The Republican governor’s new plan would cut the income tax by 50%, rather than 60%. From his original proposal, it retains raising the sales tax from 6% to 7.9% and a new tax on luxury items. It also contains an unspecified tax rebate for those earning $35,000 or less, which did not figure into plans released by House and Senate Republicans.

Republican legislative leaders remained hesitant about the governor’s pitch to raise severance taxes on industries such as coal, oil and natural gas. A businessman with investments in coal, Justice has said companies can afford to pay a little more, while critics in his party said the declining industry has weathered enough pain.

But Senate President Craig Blair (R-Berkeley) indicated he did not have an issue with the governor’s proposed luxury tax on any purchased item of at least $5,000, a provision that was not part of the Senate bill.

“If we can garner the votes, I’m all in favor with moving forward with this,” Blair said of the governor’s plan.

Justice criticized the Senate’s proposal, which would raise the sales tax to 8.5% and revives a tax on groceries that the state phased out less than a decade ago.

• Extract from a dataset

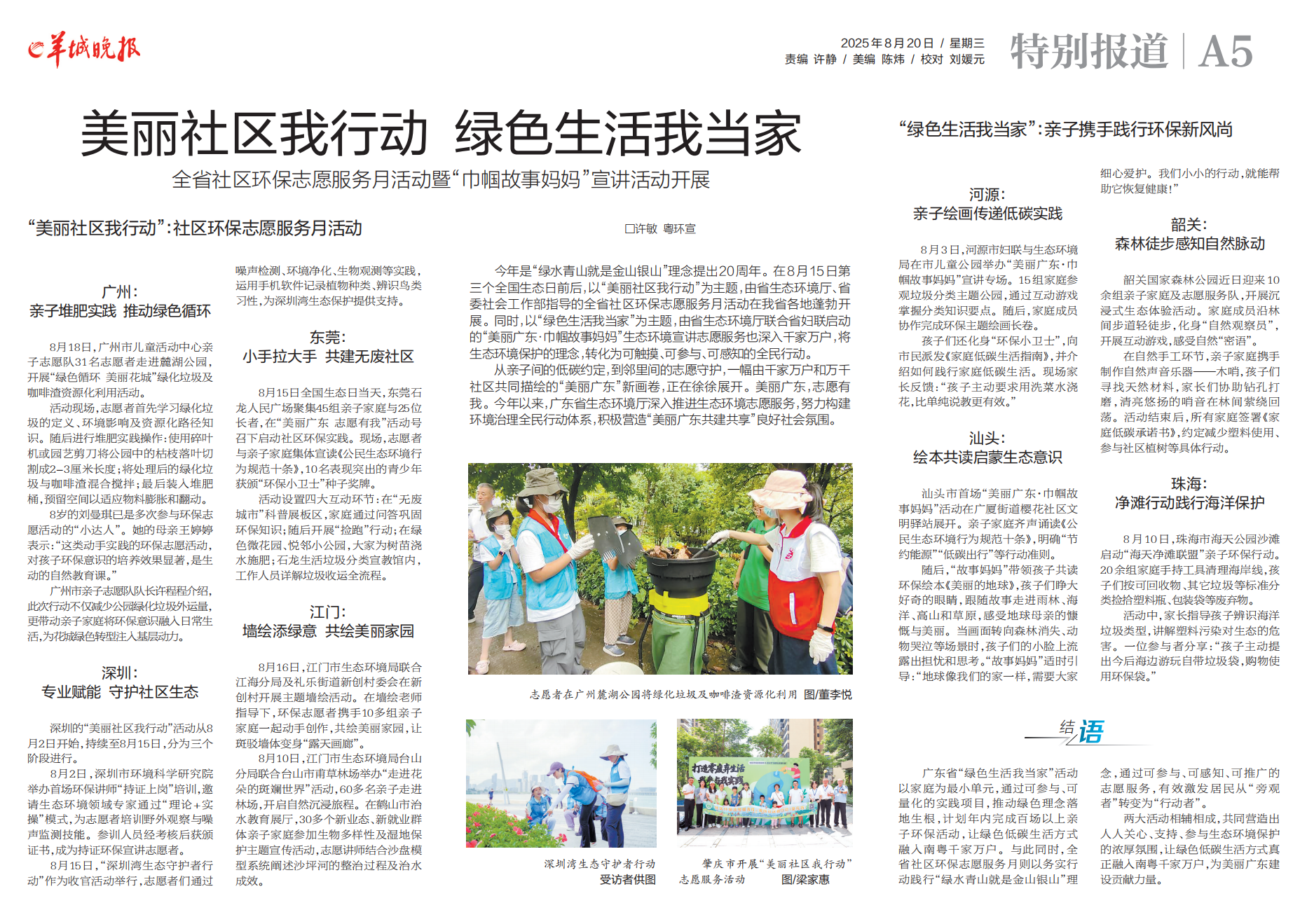 今年是“綠水青山就是金山銀山”理念提出20周年。在8月15日第三個全國生態日前后,以“美麗社區我行動”為主題,由省生態環境廳、省委社會工作部指導的全省社區環保志愿服務月活動在我省各地蓬勃開展。同時,以“綠色生活我當家”為主題,由省生態環境廳聯合省婦聯啟動的“美麗廣東·巾幗故事媽媽”生態環境宣講志愿服務也深入千家萬戶,將生態環境保護的理念,轉化為可觸摸、可參與、可感知的全民行動。

He said “an avalanche of voters” would be upset if the state approved cutting the income tax by putting “an incredible burden back on those who are struggling the most.”

Liberal groups are rallying opposition to all of the proposals to cut the income tax, arguing a higher sales tax will hurt the poor and working class.

West Virginia Citizen Action Education Fund, which champions progressive causes, said the proposals “ask working West Virginians to pay the price for tax cuts for the wealthiest.”

The nearly two-hour long meeting included statehouse leaders from the majority and minority parties. Republicans hold a supermajority in the legislature and have made lowering the state’s income tax their top priority.

They want to enact a tax overhaul this year in the hopes that lower taxes will drive residents to move into the state, where the population has been declining.

But they have five days to reconcile dueling proposals until the 60-day session is scheduled to conclude on Saturday.

“I’m trying to put money back into people’s hands,” Justice said to end the summit. “And I’m trying to do something that is going to be beneficial. But I know y’all are trying to do the exact same thing. So let’s just keep working.”